An exact copy of the listing below is required, minus its pictures.

** The input follows **

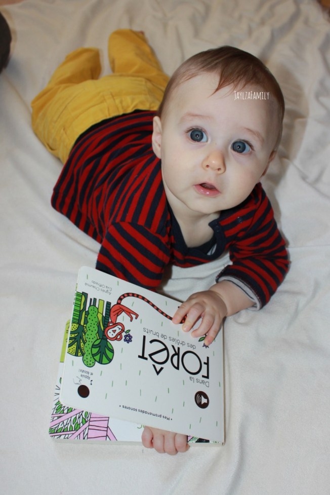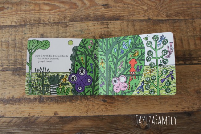 Notre avis : Fascinant, c’est le mot. Des livres sonores, tu en as eu, lu, et revu! Oui mais celui-ci a un côté mystérieux, il ne va pas te fredonner « Au clair de la Lune », plutôt l’ambiance d’une forêt profonde, où la nature règne en maître. (C’est pas la petite forêt du coin si tu vois ce que je veux dire!) Les bruits nous interpellent et on aime les écouter encore et encore. (Il existe d’autres livres de la même collection qu’on va sûrement acheter pour les découvrir!)
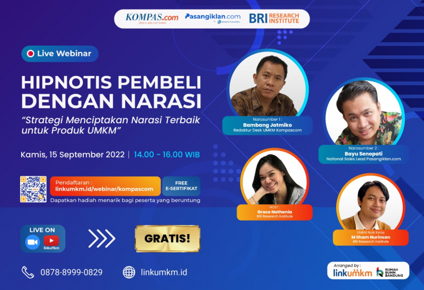 LINK UMKM - Mengggandeng Kompas.com dan Pasangiklan.com Linkumkm mengadakan webinar bertemakan “Hipnotis Pembeli dengan Narasi”, yang diadakan pada 15 September. Selain menggandeng Kompas.com, Linkumkm menghadirkan narasumber dari Pasangiklan.com, yaitu bapak Bayu A. Senopati. Webinar dimulai dengan sesi foto bersama peserta webinar, nantinya dari sesi foto ini akan dipilih satu peserta beruntung dengan pose terunik yang berhak mendapatkan hadiah berupa saldo LinkAja. Setelah sessi foto bersama webinar dilanjutkan dengan pemaparan materi oleh bapak Bambang Jatmiko selaku narasumber sekaligus redaktur Kompas.com. Materi yang dibawakan oleh bapak bambang Jatmiko dikemas dengan judul “Membangun Narasi Pada Produk”, di awal pemaparannya bapak bambang Jatmiko menjelaskan narasi sebagai unsur pembeda suatu produk dari produk-produk lainnya.
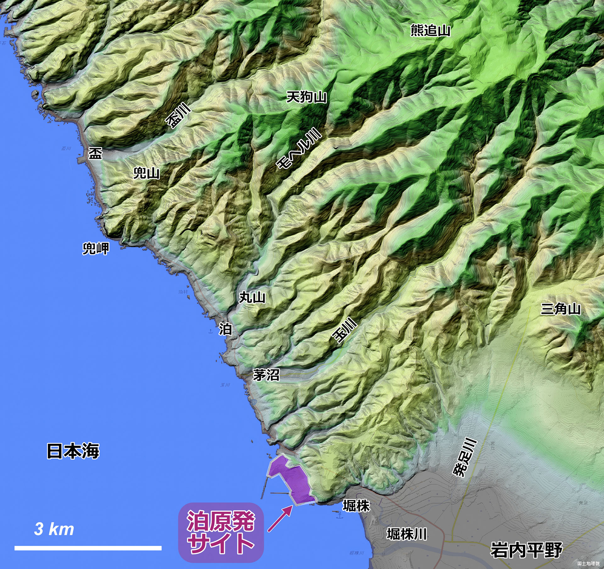 もしそうであれば,この離水ベンチは(能登半島のように)大きな地震の際の隆起イベントによって形成されたということになります.半島西岸側に多く見られる=隆起量が非対称・不均質ということの意味は不明ですが,震源が日本海側ということで制御されているのでしょうか? 言うまでもなく,そのイベントがいつ生じたのか・複数のイベントによる累積されたものなのか・どの起震断層によるものか...については考える手がかりはほとんどありません.
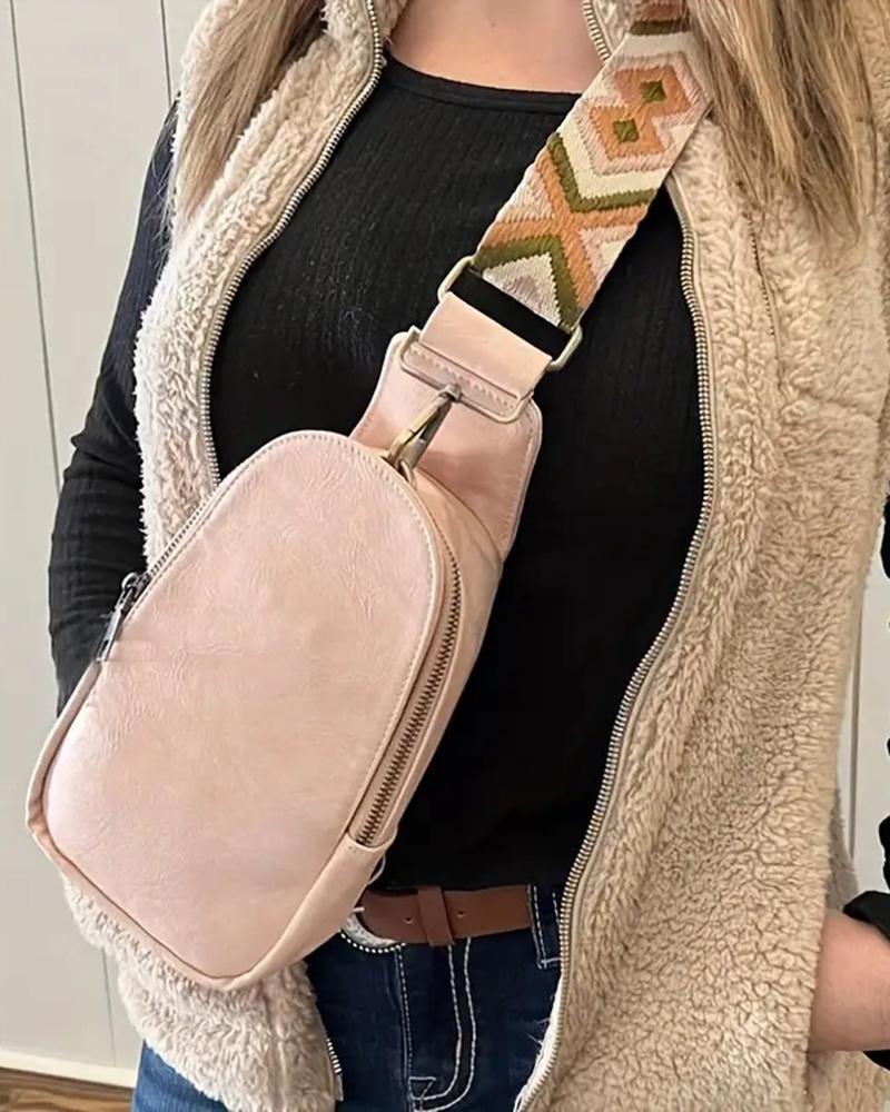 Aztec Geometric Strap Crossbody Bag Zipper Design Fanny Pack
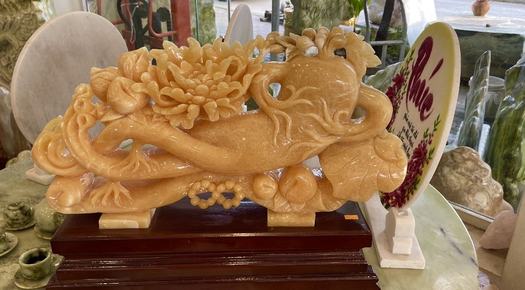 Không gian trưng bày phong thủy cao cấp Đây không chỉ là một tác phẩm nghệ thuật, mà còn là linh vật phong thủy mang trọn ba phúc lớn của đời người: Phú Quý – Như Ý – Trường Thọ.
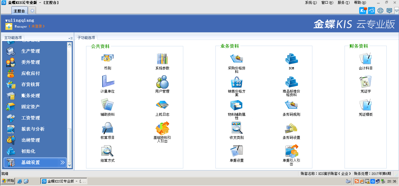步骤一、在全部核算项目界面,然后单击【物料】,点管理
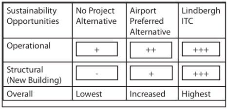 Sustainability and Green Airport and Green Building Opportunities. Finally, the airport addressed opportunities to create a greener, more sustainable airport. Our plan far surpassed the airport’s preferred alternative as can be seen in the chart below.
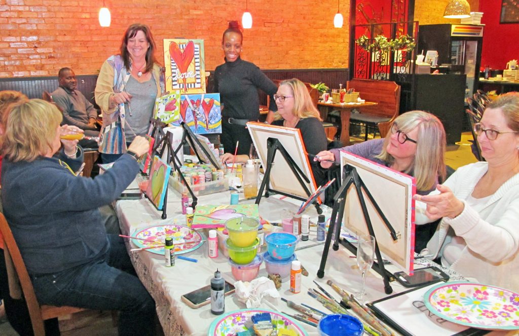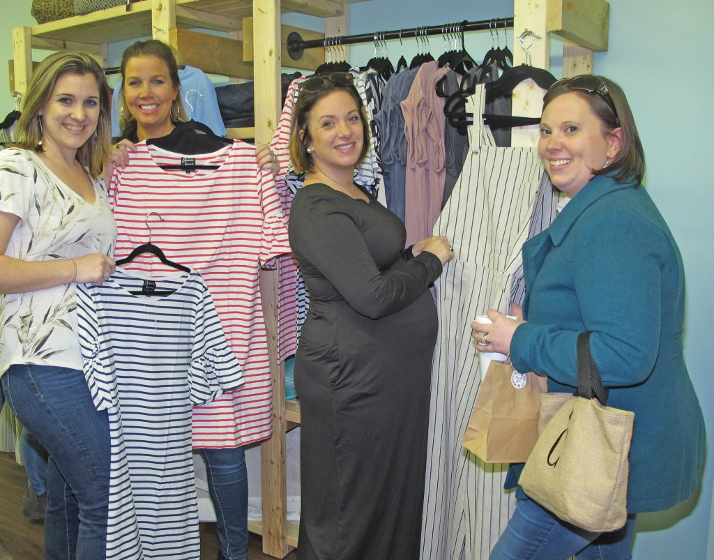 Jerrica Beam, left, owner of To Be Stitched mingles with customers Kathryn McDaniel, Nikki Goode and Jessica Collins.
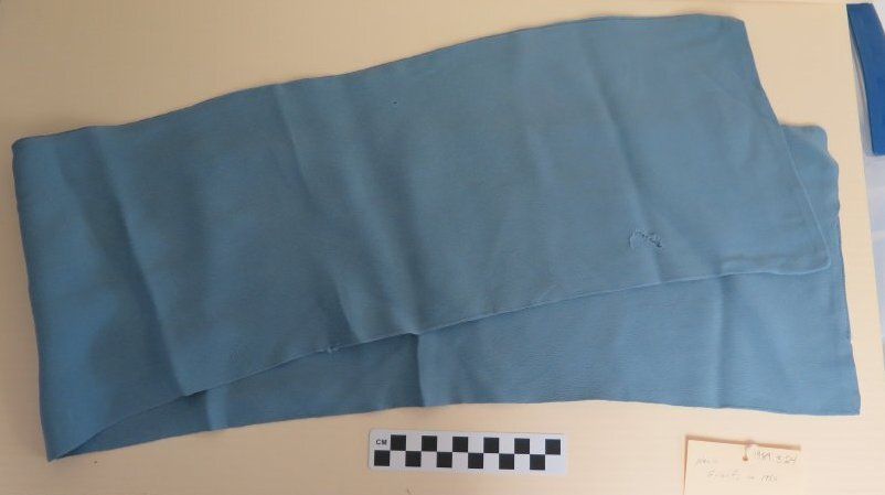 This is a light blue military neck scarf. The scarf measures 7" (w) x 43" (l).
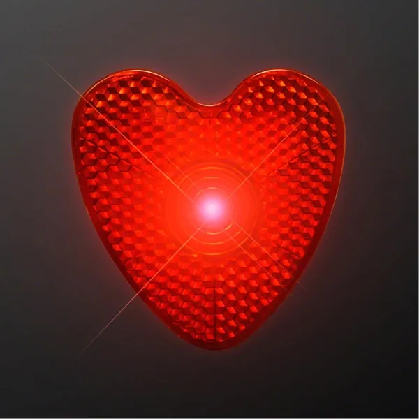 Heart-shaped flashing safety button keeps people aware of your presence and your brand. Red light blinks rapidly to bring attention to the logo. There is a click on/off button on the back. Includes 2 button cell batteries (inserted) not replaceable. Front panel is made of reflective plastic to bring added safety to user. Production times may vary due to imprint method. 2.25" W x 1.875" H x 0.625" D
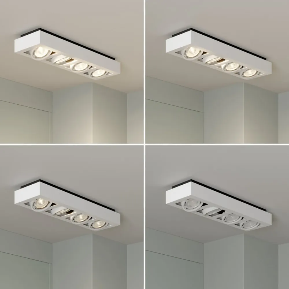 Aflang, 4 lyskilder Ronka loftlampe til GU10-lamper Ronka er velegnet til både private områder – som køkkener, korridorer og kontorer – og erhvervsejendomme, hvor loftspottet f.eks. kan bruges som butiksbelysning. Lamperne kan drejes efter behov, da indsatserne er bevægelige, og LED-loftlampen er udstyret med en skrueløs tilslutningsterminal, der muliggør hurtig installation uden brug af værktøj. Den hvide overflade har et behageligt tidløst udseende, og helhedsindtrykket er præget af et funktionelt, minimalistisk look.
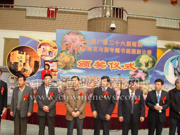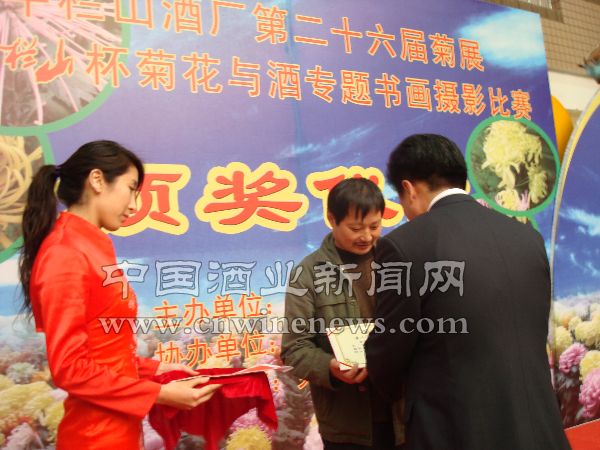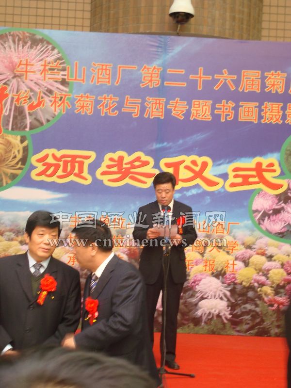 2008年11月6日,牛栏山酒厂第二十六届菊花展暨“牛栏山杯”菊花与酒专题书画摄影大赛颁奖仪式在厂内职工之家开幕。此次专题书画摄影大赛共收到参赛作品300余幅,经过权威专家评选,入围作品150幅,其中,除书法作品特等奖空缺外,绘画、摄影作品均评选出特等奖1名,一等奖2名,二等奖3名,三等奖4名(书法作品三等奖5名)。中国书协副秘书长、书法家、本次大赛评委张虎,北京书协名誉副主席、书法家、本次大赛评委张有清,北京书协住会副主席、书法家、本次大赛评委田伯平,北京美协住会副主席、画家、本次大赛评委贺成才,北京美协秘书长、画家、本次大赛评委张亮京,中国摄影家协会,大众摄影杂志社等相关领导专家参与了本届“牛栏山杯”菊花与酒专题书画摄影大赛活动。“‘牛栏山杯’菊花与酒专题书画摄影比赛”的获奖作品将在菊花展展区内悬挂展出,通过书画、摄影的艺术形式,将菊与酒特有的美感和魅力定格于牛栏山,让牛栏山的美酒伴着悠悠菊香,为前来牛栏山酒厂做客的宾朋好友们带来吉祥如意的美好祝福!
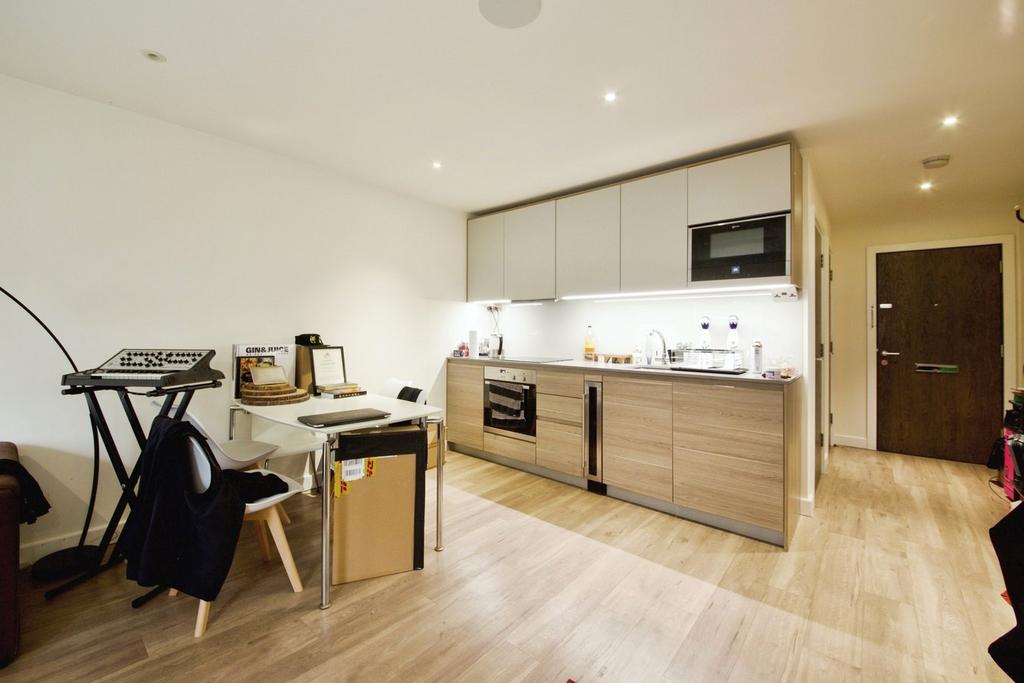 Living Space/Bedroom - Bright and spacious open plan living space and kitchen offering ample space for furniture for both living, dining and bedroom purposes, with wood laminate flooring throughout, a double glazed window, a sliding uPVC double glazed door to the private patio, a fitted unit with shelves and base cupboards, an electric radiator and ceiling spotlights. The kitchen is fitted with a range of custom modern wall and base units with complementing worktops and splashbacks, underlights, an inset sink basin with a drainer and mixer tap and an integrated set of high spec appliances.
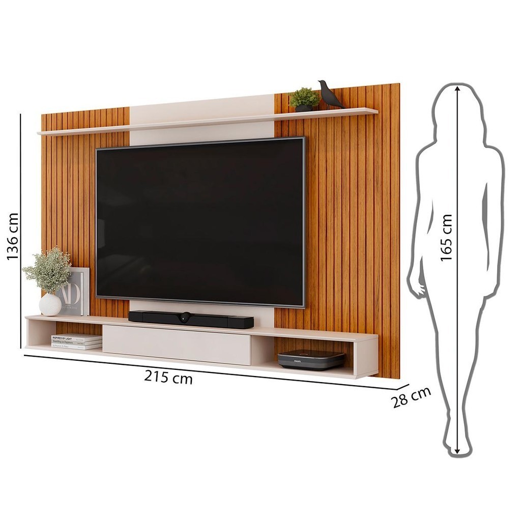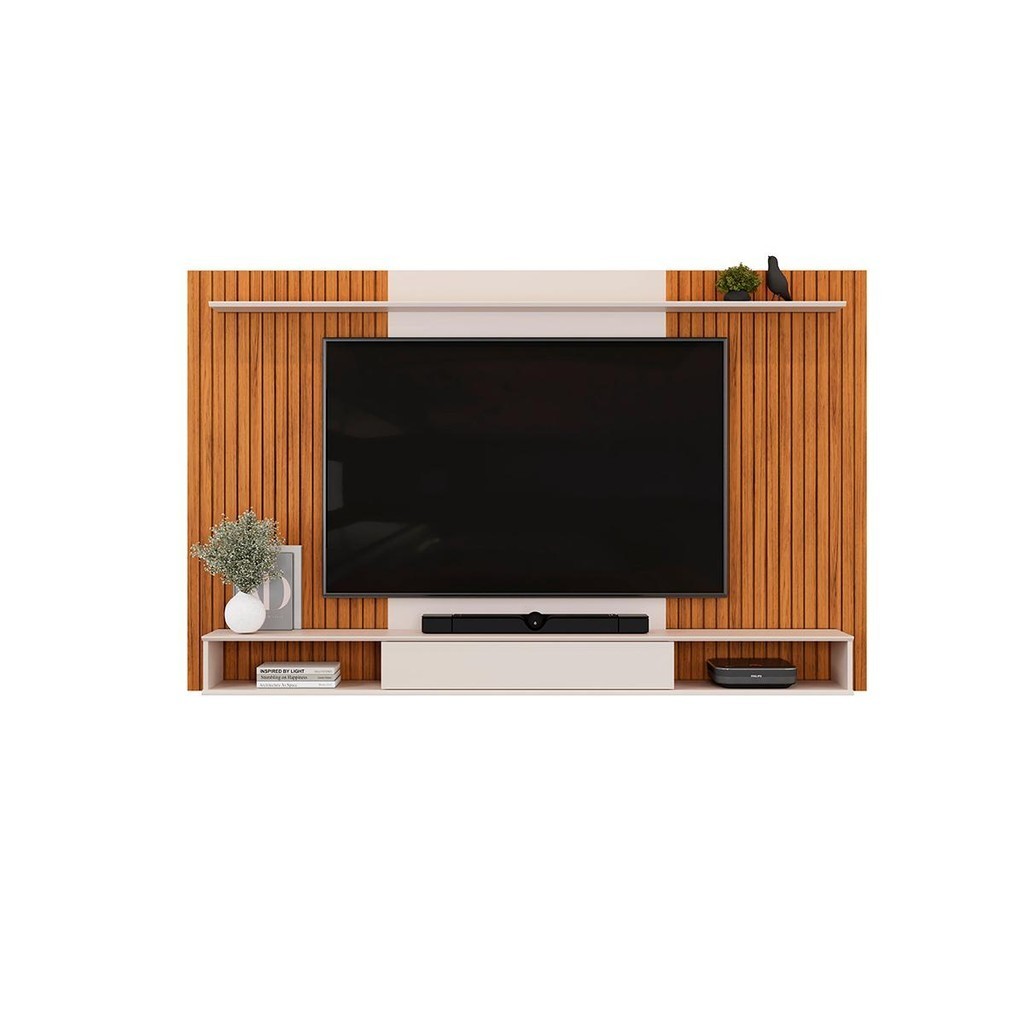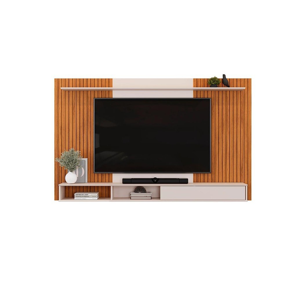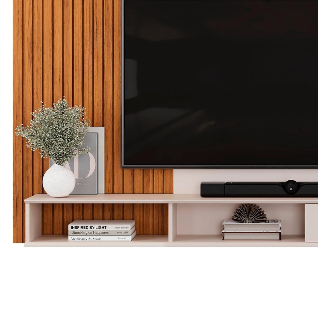 Painel para TV até 70 Polegadas 1 Prateleira DJ Móveis Leo Freijó Off White

** End of The input **

Answer section:
 Notre avis : Fascinant, c’est le mot. Des livres sonores, tu en as eu, lu, et revu! Oui mais celui-ci a un côté mystérieux, il ne va pas te fredonner « Au clair de la Lune », plutôt l’ambiance d’une forêt profonde, où la nature règne en maître. (C’est pas la petite forêt du coin si tu vois ce que je veux dire!) Les bruits nous interpellent et on aime les écouter encore et encore. (Il existe d’autres livres de la même collection qu’on va sûrement acheter pour les découvrir!)
 LINK UMKM - Mengggandeng Kompas.com dan Pasangiklan.com Linkumkm mengadakan webinar bertemakan “Hipnotis Pembeli dengan Narasi”, yang diadakan pada 15 September. Selain menggandeng Kompas.com, Linkumkm menghadirkan narasumber dari Pasangiklan.com, yaitu bapak Bayu A. Senopati. Webinar dimulai dengan sesi foto bersama peserta webinar, nantinya dari sesi foto ini akan dipilih satu peserta beruntung dengan pose terunik yang berhak mendapatkan hadiah berupa saldo LinkAja. Setelah sessi foto bersama webinar dilanjutkan dengan pemaparan materi oleh bapak Bambang Jatmiko selaku narasumber sekaligus redaktur Kompas.com. Materi yang dibawakan oleh bapak bambang Jatmiko dikemas dengan judul “Membangun Narasi Pada Produk”, di awal pemaparannya bapak bambang Jatmiko menjelaskan narasi sebagai unsur pembeda suatu produk dari produk-produk lainnya.
 もしそうであれば,この離水ベンチは(能登半島のように)大きな地震の際の隆起イベントによって形成されたということになります.半島西岸側に多く見られる=隆起量が非対称・不均質ということの意味は不明ですが,震源が日本海側ということで制御されているのでしょうか? 言うまでもなく,そのイベントがいつ生じたのか・複数のイベントによる累積されたものなのか・どの起震断層によるものか...については考える手がかりはほとんどありません.
 Aztec Geometric Strap Crossbody Bag Zipper Design Fanny Pack
 Không gian trưng bày phong thủy cao cấp Đây không chỉ là một tác phẩm nghệ thuật, mà còn là linh vật phong thủy mang trọn ba phúc lớn của đời người: Phú Quý – Như Ý – Trường Thọ.
步骤一、在全部核算项目界面,然后单击【物料】,点管理
 Sustainability and Green Airport and Green Building Opportunities. Finally, the airport addressed opportunities to create a greener, more sustainable airport. Our plan far surpassed the airport’s preferred alternative as can be seen in the chart below.
 Jerrica Beam, left, owner of To Be Stitched mingles with customers Kathryn McDaniel, Nikki Goode and Jessica Collins.
 This is a light blue military neck scarf. The scarf measures 7" (w) x 43" (l).
 Heart-shaped flashing safety button keeps people aware of your presence and your brand. Red light blinks rapidly to bring attention to the logo. There is a click on/off button on the back. Includes 2 button cell batteries (inserted) not replaceable. Front panel is made of reflective plastic to bring added safety to user. Production times may vary due to imprint method. 2.25" W x 1.875" H x 0.625" D
 Aflang, 4 lyskilder Ronka loftlampe til GU10-lamper Ronka er velegnet til både private områder – som køkkener, korridorer og kontorer – og erhvervsejendomme, hvor loftspottet f.eks. kan bruges som butiksbelysning. Lamperne kan drejes efter behov, da indsatserne er bevægelige, og LED-loftlampen er udstyret med en skrueløs tilslutningsterminal, der muliggør hurtig installation uden brug af værktøj. Den hvide overflade har et behageligt tidløst udseende, og helhedsindtrykket er præget af et funktionelt, minimalistisk look.
 2008年11月6日,牛栏山酒厂第二十六届菊花展暨“牛栏山杯”菊花与酒专题书画摄影大赛颁奖仪式在厂内职工之家开幕。此次专题书画摄影大赛共收到参赛作品300余幅,经过权威专家评选,入围作品150幅,其中,除书法作品特等奖空缺外,绘画、摄影作品均评选出特等奖1名,一等奖2名,二等奖3名,三等奖4名(书法作品三等奖5名)。中国书协副秘书长、书法家、本次大赛评委张虎,北京书协名誉副主席、书法家、本次大赛评委张有清,北京书协住会副主席、书法家、本次大赛评委田伯平,北京美协住会副主席、画家、本次大赛评委贺成才,北京美协秘书长、画家、本次大赛评委张亮京,中国摄影家协会,大众摄影杂志社等相关领导专家参与了本届“牛栏山杯”菊花与酒专题书画摄影大赛活动。“‘牛栏山杯’菊花与酒专题书画摄影比赛”的获奖作品将在菊花展展区内悬挂展出,通过书画、摄影的艺术形式,将菊与酒特有的美感和魅力定格于牛栏山,让牛栏山的美酒伴着悠悠菊香,为前来牛栏山酒厂做客的宾朋好友们带来吉祥如意的美好祝福!
 Living Space/Bedroom - Bright and spacious open plan living space and kitchen offering ample space for furniture for both living, dining and bedroom purposes, with wood laminate flooring throughout, a double glazed window, a sliding uPVC double glazed door to the private patio, a fitted unit with shelves and base cupboards, an electric radiator and ceiling spotlights. The kitchen is fitted with a range of custom modern wall and base units with complementing worktops and splashbacks, underlights, an inset sink basin with a drainer and mixer tap and an integrated set of high spec appliances.
 Painel para TV até 70 Polegadas 1 Prateleira DJ Móveis Leo Freijó Off White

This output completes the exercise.